What Makes the Krebs Cycle Vital for Life as We Understand It?

At this very moment, your body is the stage for incredibly complex biochemical processes.

For your body to perform even the simplest tasks — whether it's bouncing on a trampoline, walking to the bathroom, or moving your eyes as you read this article — it relies on cellular respiration. This process allows your cells to convert the oxygen you inhale and the food you consume into usable energy.

As you might guess, transforming a peanut butter and jelly sandwich into the energy for a pushup isn't straightforward. Let's explore how the Krebs cycle performs this biochemical marvel.

Cellular Respiration

A primary objective of cellular respiration is to generate ATP, or adenosine triphosphate, a specialized form of stored energy. Consider ATP the universal energy currency of your cells. While sunlight is energy, it can't fuel our bodies directly because it doesn't align with the energy language our systems recognize — animal bodies exclusively operate on ATP.

A crucial stage in the journey from sandwich to pushup is the Krebs cycle, also referred to as the citric acid cycle (CAC) or tricarboxylic acid cycle (TAC), named after Hans Krebs. He was the pioneer who deciphered this biochemical process in 1937, earning him the Nobel Prize in Physiology or Medicine in 1953.

This recognition was well-deserved, as the Krebs cycle is remarkably intricate, utilizing shifts in chemical bonds to reconfigure energy.

The Krebs cycle occurs within our cells, specifically across the inner membrane of the mitochondria — the organelles tasked with generating cellular energy.

Cellular respiration is a multi-stage process that begins with glycolysis, where glucose, a six-carbon compound, is broken down into three-carbon molecules known as pyruvic acids and two energy-dense compounds called NADH. From this point, the Krebs cycle takes over.

The Krebs Cycle

The Krebs cycle is an aerobic process, meaning it relies on oxygen to function. Alongside oxidative phosphorylation, the Krebs cycle immediately begins combining carbon and oxygen in the respiration pathway.

"Initially, two carbon atoms enter the cycle, and two carbon atoms are oxidized and expelled from the cycle," explains Dale Beach, a professor in the Department of Biological and Environmental Sciences at Longwood University in Farmville, Virginia.

"We can consider this initial step as the final oxidation of glucose sugar. If we track the carbons, six entered the respiration pathway during glycolysis, and six must ultimately exit. While these aren't the exact same six carbons, this process underscores the transformation of glucose into carbon dioxide through the pathway."

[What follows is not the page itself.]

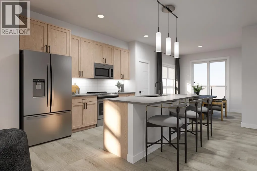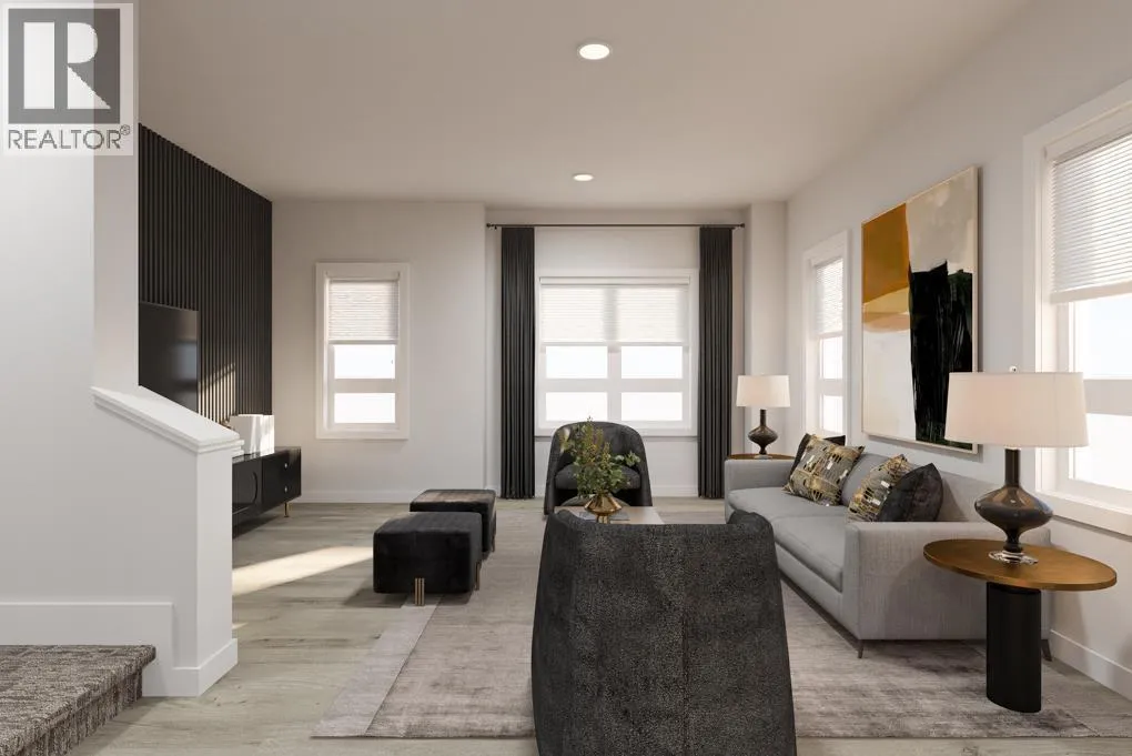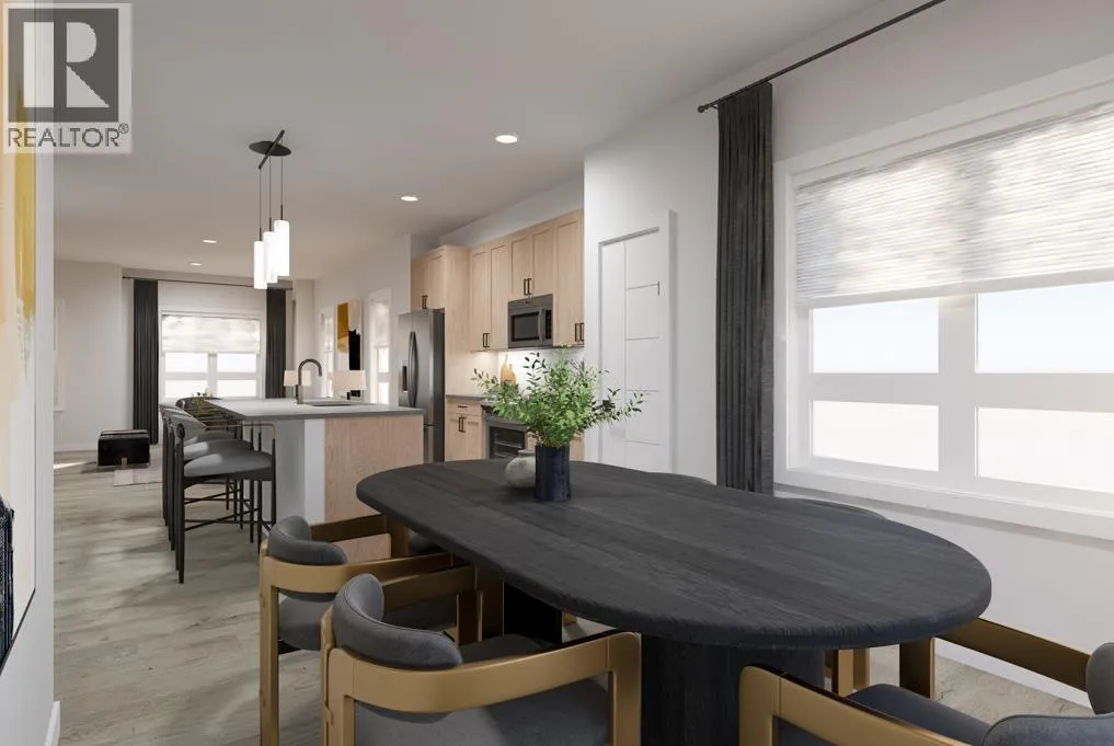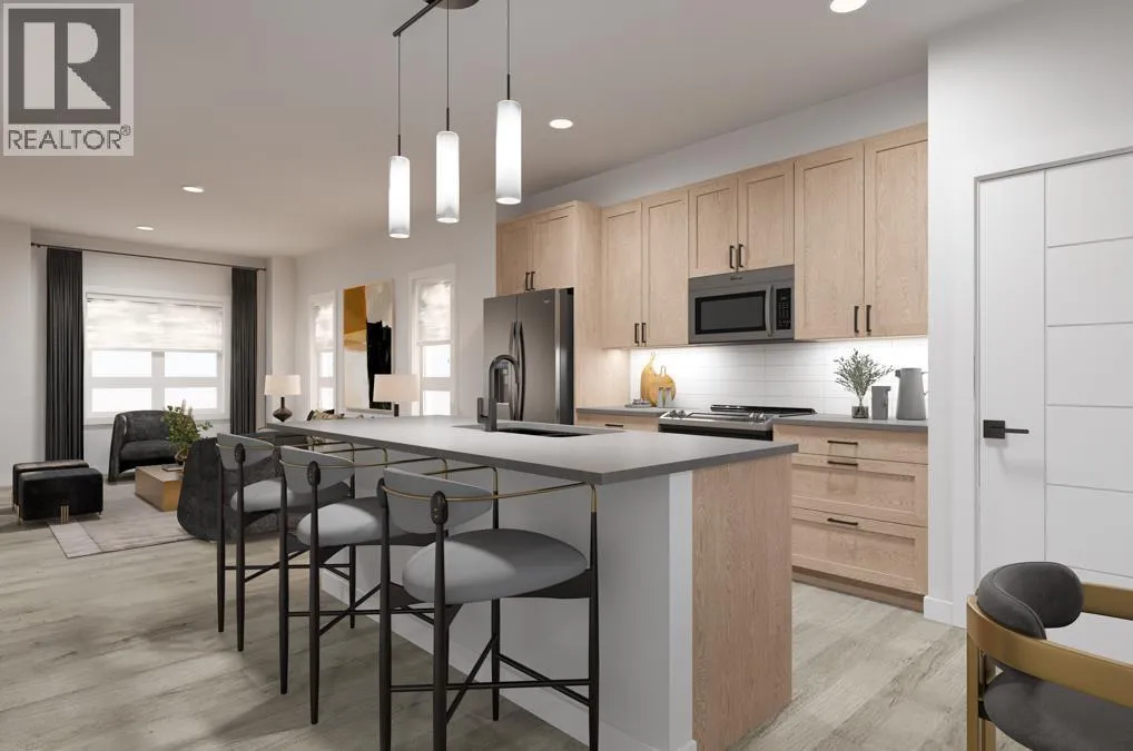 BEING AN END UNIT CHANGES EVERYTHING â and once youâve lived with it, thereâs no going back. MORE WINDOWS where you actually notice them. SUBTLE BUMP-OUTS that soften the edges of the space. Only one shared wall. The difference isnât theoretical â itâs felt. The main living level is organized with intention, not guesswork. The living room sits at the front of the home, anchored by END-UNIT WINDOWS that pull in EXTRA LIGHT and give the space real presence. The kitchen holds the centre, grounded by a BREAKFAST BAR ISLAND with space to prep, perch, eat, and linger, without turning the room into an obstacle course.At the back, the dining area opens directly to the PATIO, creating a natural extension of the space. From here, the view opens to COMMUNITY GREEN SPACE AND PATHWAYS, adding visual breathing room and an outdoor connection that makes the patio feel like a true part of daily life â not an afterthought.Upstairs, THREE BEDROOMS are arranged with clear hierarchy and smart separation. The primary sits at the back with its ensuite and walk-in closet, while the middle bedroom benefits directly from the end-unit position â a subtle bump-out and SIDE WINDOW that brings in natural light most interior units simply donât get. At the front, the third bedroom includes its own walk-in closet, quietly checking a few EXTRA boxes on the upper level.Down below, the same attention to practicality continues. The DOUBLE ATTACHED TANDEM GARAGE quietly does more than expected. Yes, it fits two vehicles â but it also absorbs the less glamorous parts of life. Bikes, bins, seasonal gear, and a dedicated UTILITY/STORAGE AREA that keeps the rest of the home feeling intentional instead of overrun. Itâs the kind of feature that doesnât shout, but dramatically improves day-to-day living.And then thereâs Rockland Park â not just as a backdrop, but as an active part of your routine. This is a community designed to pull you outside: pathway-connected streets, parks woven throughout, a R ESIDENTS-ONLY CLUBHOUSE WITH POOL AND AMENITIES, and easy access to nature without giving up city convenience. Walks feel purposeful. Errands feel closer. Add quick access to Crowchild and Stoney, and life stays connected without feeling busy.Itâs finished. ITâS AVAILABLE NOW. And it offers something thatâs hard to replicate later: an end-unit position in a community people are actively choosing for how it lives. If light, privacy, and a neighbourhood that genuinely adds to your day matter â THIS ONE DESERVES YOUR ATTENTION. ⢠PLEASE NOTE: Photos are VIRTUAL RENDERINGS of the same model â fit & finish may differ on final spec home. Interior selections & floorplans shown in photos. (id:27476)

One carbon from the three-carbon molecule bonds with an oxygen molecule, exiting the cell as CO₂. This results in a two-carbon molecule known as acetyl coenzyme A, or acetyl coA. Subsequent chemical reactions rearrange the molecules, oxidizing the carbons to produce additional NADH and FADH.

The Roundabout

Following the respiration pathway, the Krebs cycle enters a second oxidation phase, resembling a traffic roundabout, which gives it its cyclical nature. The acetyl coA merges with oxaloacetate to create citrate synthase, leading to the name "Krebs cycle."

This citric acid undergoes oxidation through multiple steps, losing carbons as it progresses around the roundabout until oxaloacetic acid is reformed by the oxidation of malate. As carbons are released from the citric acid, they convert into carbon dioxide molecules, expelled from the cell and eventually exhaled by the body.

Energy Generation and CoenzymeA

"In the second oxidation phase, a high-energy bond forms with the sulfur of CoA, resulting in Succinate-CoA," explains Beach. "This bond contains sufficient energy to directly generate an ATP equivalent; GTP is produced instead, but it holds the same energy level as ATP — a unique characteristic of this system."

"The detachment of CoenzymeA leaves behind a Succinate molecule. From this stage, a sequence of steps reorganizes chemical bonds and introduces oxidation events to regenerate the original oxaloacetate. Throughout this process, the pathway generates a low-energy FADH molecule and a final NADH molecule," Beach adds.

Implications and Evolutionary Insights

For every glucose molecule entering respiration, the roundabout can complete two cycles, one for each pyruvate. However, it isn't mandatory for the cycle to run twice, as cells can divert carbons for other macromolecules or introduce additional carbons by breaking down amino acids or utilizing energy stored in fats.

As you can see, the biochemistry is intricate. Beach highlights that a key feature of the Krebs cycle is the recurring presence of adenosine — found in NADH, FADH, CoenzymeA, and ATP molecules.

"Adenosine acts as a 'molecular handle' for proteins to latch onto. It's plausible that ATP binding pockets evolved to be reused, creating binding sites for other molecules with similar structures."